Кравчук огляделся. На снарядных ящиках, подняв воротник шинели, сидел старший лейтенант Кондратьев; возле, почти сливаясь с ним, – батарейный санинструктор Шурочка. Когда Кравчук сел, она не отодвинулась от комбата. Он сам чуть отстранился, простуженно спросил:
– Как там?
– Что же вы к костерку-то не идете, товарищ старший лейтенант? – Кравчук неодобрительно покосился на освещенное ракетой бледное лицо Шурочки, добавил: – Кашляете… А шинель мокрая небось…
– Все обсушились? – отозвался Кондратьев. – Как Лузанчиков?
– Озяб. Опомниться не может.
– Что от Сухоплюева?
– Танки, говорят, там ходят.
– Это мы и отсюда слышим, – по-прежнему насмешливо сказала Шурочка, точно мстя Кравчуку за его осуждающий взгляд.
– Да, это я отсюда слышу, – повторил Кондратьев задумчиво. – Гудят.
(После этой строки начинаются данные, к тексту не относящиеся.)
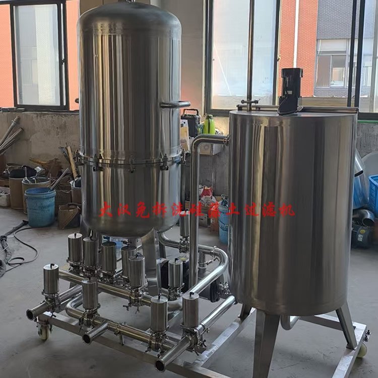 硅藻土过滤机适用于白酒,果酒,葡萄酒,保健酒,饮料,糖浆,酱油,醋,以及医药,生物,化工等液态制品的澄清过滤,过滤周期长,效率高,浊度稳定,密封性好,结构紧凑,操作方便,易于维护保养.

И в это время с того берега ударили танки. Разрывы на кромке острова осветили черные, склоненные фигуры саперов.
– Вот они… Прямой наводкой, – сказал Кравчук. – В обороне врыты. Ну, зацепился он тут. Что ж, опять купаться будем, товарищ старший лейтенант?
Он спросил это без улыбки, без намека на шутку – Кравчук не умел шутить – и долго глядел на тот берег, ожидая, что скажет Кондратьев. Тот молчал, молчала и Шурочка, и, понимая это молчание по-своему, Кравчук подумал, что до его прихода был между ними иной разговор. Он осуждал командира батареи; но с особенной неприязнью судил он вызывающую эту Шурочку, которая открыто льнула к Кондратьеву. Он осуждал ее ревниво и хмуро, потому что хорошо знал о прежних отношениях ее и капитана Ермакова. Кравчук недолюбливал Кондратьева за его странную манеру отдавать приказания: «прошу вас», «не забудьте», «спасибо» – и порой с чувством неудовольствия и удивления вспоминал те времена, когда капитан Ермаков перед всей батареей называл старшего лейтенанта умницей.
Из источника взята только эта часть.